Kampf gegen die Unfallursache Nr. 1
Die Polizei will das Rasen auf den Straßen mit einer Doppelstrategie zurückdrängen. Beim Blitzmarathon steht die Bewusstseinsbildung im Vordergrund. Wann sich ein Einspruch gegen einen Bußgeldbescheid lohnen kann
Region
Er war der absolute Spitzenreiter. Der Autofahrer war auf der
B300 bei Kühbach mit 190 Stundenkilometern unterwegs – Tempo
80 ist dort erlaubt. Auf den Podestplatz kann der Mann aber nicht stolz sein. Im Gegenteil: Die Polizei hat ihn erwischt. Die Quittung für die Raserei: zwei Monate Fahrverbot und 1200 Euro Bußgeld. Interessant an diesem Vorfall ist: Der Raser bei Kühbach wurde nicht beim bayernweit angekündigten Blitzmarathon am Mittwoch erwischt, sondern im November vorigen Jahres, als die Polizei ohne Vorwarnung die Radarfalle aufgebaut hatte.

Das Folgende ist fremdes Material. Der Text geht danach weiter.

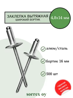 Заклепка вытяжная алюм сталь 4,8х14 широкий бортик 16 мм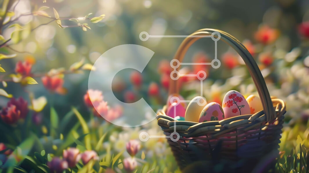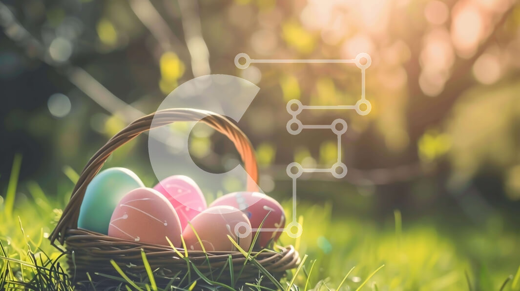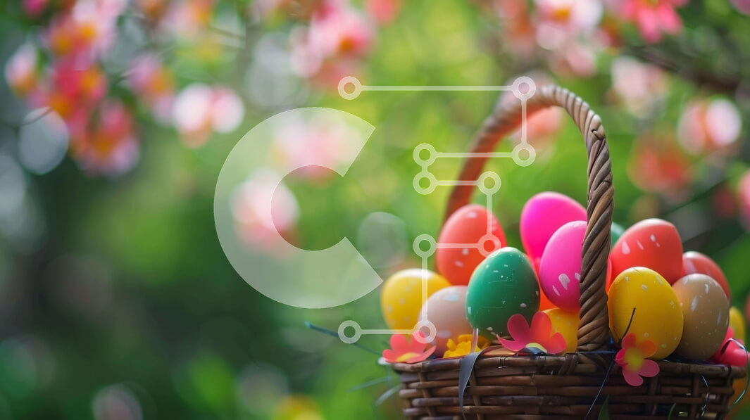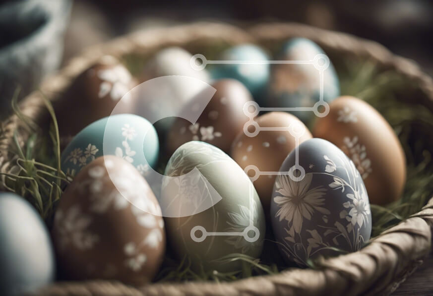 Intra Συλλεκτικό Ξύλινο Παζλ Plywood 4mm - Πολύχρωμα Πασχαλινά αυγά σε ένα διακοσμητικό καλάθι στο γρασίδι Σε Ξύλινο Κουτί - Διαστάσεις: 10x10 cm – 25 κομμάτια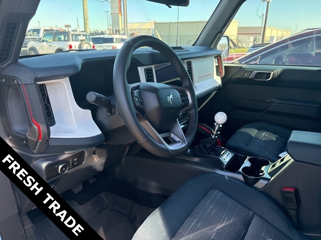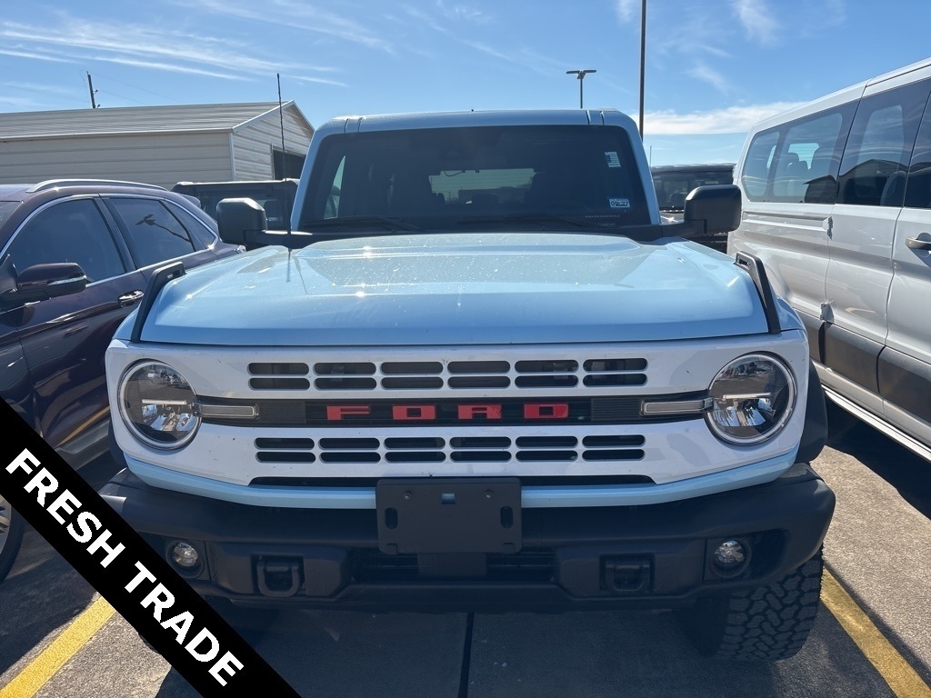 Recent Arrival! CARFAX One-Owner. Blue 2025 Ford Bronco Heritage Edition 4WD 7-Speed Manual 2.3L EcoBoost I-4 Equipment Group 662A Mid Package, 4-Wheel Disc Brakes, 7 Speakers, ABS brakes, Air Conditioning, Alloy wheels, AM/FM radio: SiriusXM with 360L, AM/FM Stereo, Auto High-beam Headlights, Auto-dimming Rear-View mirror, Automatic temperature control, Brake assist, Compass, Connected Navigation, Convertible HardTop, Convertible roof lining, Delay-off headlights, Driver door bin, Driver vanity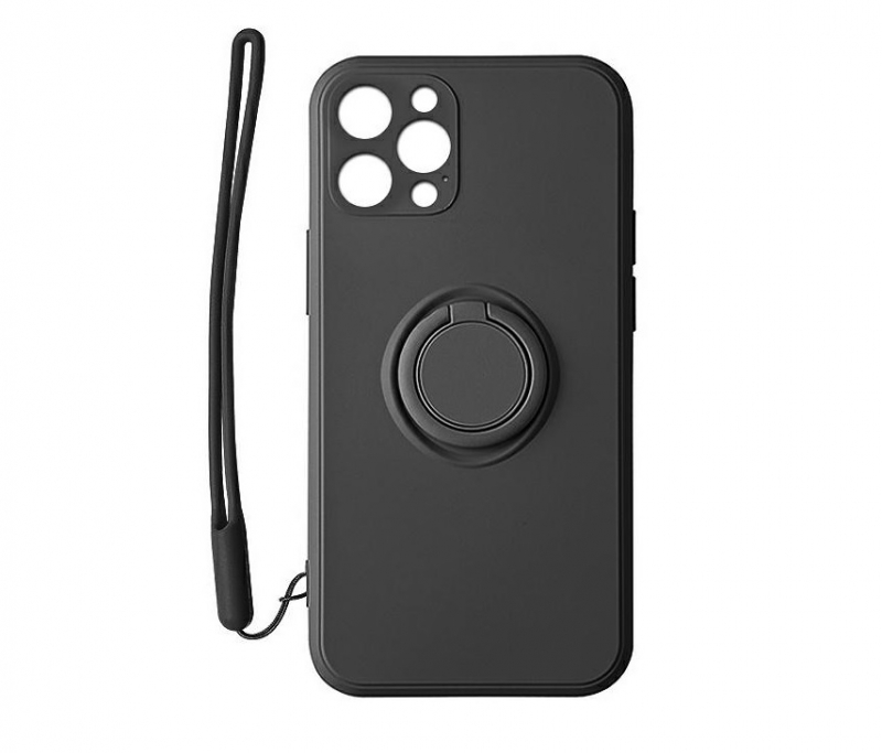 Samsung Galaxy A37 Gyűrűs Bársony szilikon tok, fekete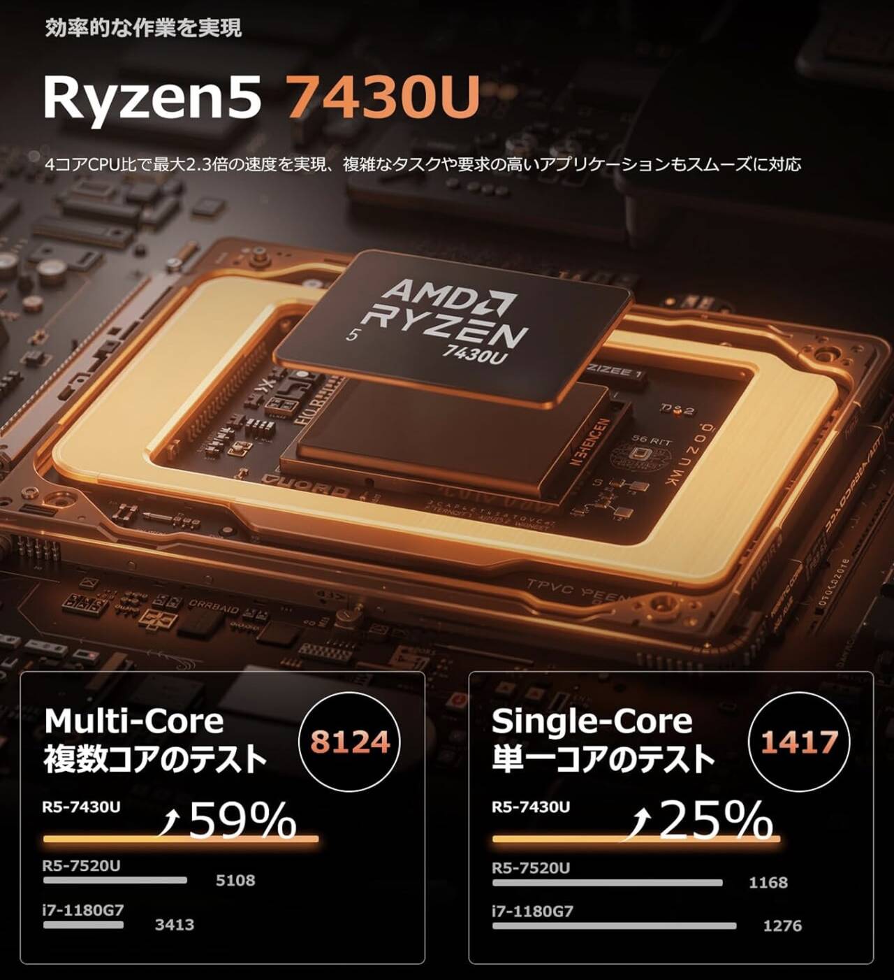 ▼搭載するCPUはAMD Ryzen 5 7430Uを搭載!↓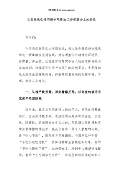 【七哥公文】2025年:【七哥公文】在县违规吃喝问题专项整治工作部署会上的讲话+更多免费公文+VX:QiGeGongWen2024+更多免费公文+VX:QiGeGongWen2024

Deutlich wird damit: Die Polizei fährt eine zweigleisige Strategie im Kampf gegen die Unfallursache Nr.
1 auf den Bundes- und Landstraßen außerorts: „Überhöhte Geschwindigkeit“ist fast immer der Auslöser, wenn es zu Unfällen mit Schwerverletzten oder gar Toten kommt. Da ist zum einen der zum sechsten Mal durchgeführte Blitzmarathon. Und zum anderen gibt es die unangemeldeten Schwerpunktkontrollen, die die Polizei von Zeit zu Zeit verstärkt. So wie im Spätherbst, als viele Autofahrer eine Häufung von Kontrollen vermuteten – und das Polizeipräsidium Schwaben-Nord auf Anfrage unserer Zeitung bestätigte: „Der Eindruck ist richtig.“Im Einsatz gegen die Raserei sind in erster Linie Beamte der Verkehrspolizei, aber auch die Autobahnpolizei und die Inspektionen vor Ort beteiligt. Außerdem müssen Autofahrer in der Region auch immer mit Kontrollen des Kommunalunternehmens „Schwaben Mitte“rechnen, das von vielen Städten und Gemeinden beauftragt wird.
Mit dem Blitzmarathon verfolgt die Polizei das Ziel, eine „nachhaltige Verhaltensänderung“bei den Autofahrern zu erreichen. Die Bewusstseinsbildung stehe im Vordergrund, das Ziel des 24-Stunden-Marathons sei es „ausdrücklich nicht, möglichst viele Verkehrsteilnehmer zur Kasse zu bitten“, unterstreicht Präsidiumssprecher Michael Jakob. Das Ziel werde offenkundig erreicht, denn die Beanstandungsquote ist im Präsidiumsbereich von 2,76 auf 1,96 Prozent gesunken, obwohl die Zahl der gemessenen Fahrzeuge mit 19000 doppelt so hoch wie im Vorjahr war. Die Polizei hatte mehr Personal und Messgeräte im Einsatz. 373 Fahrer müssen mit einem Bußgeldbescheid rechnen. Die meisten seien einsichtig gewesen: Sie hätten zwar vom Blitzmarathon gehört, diesen jedoch „im Alltagsstress wieder vergessen“.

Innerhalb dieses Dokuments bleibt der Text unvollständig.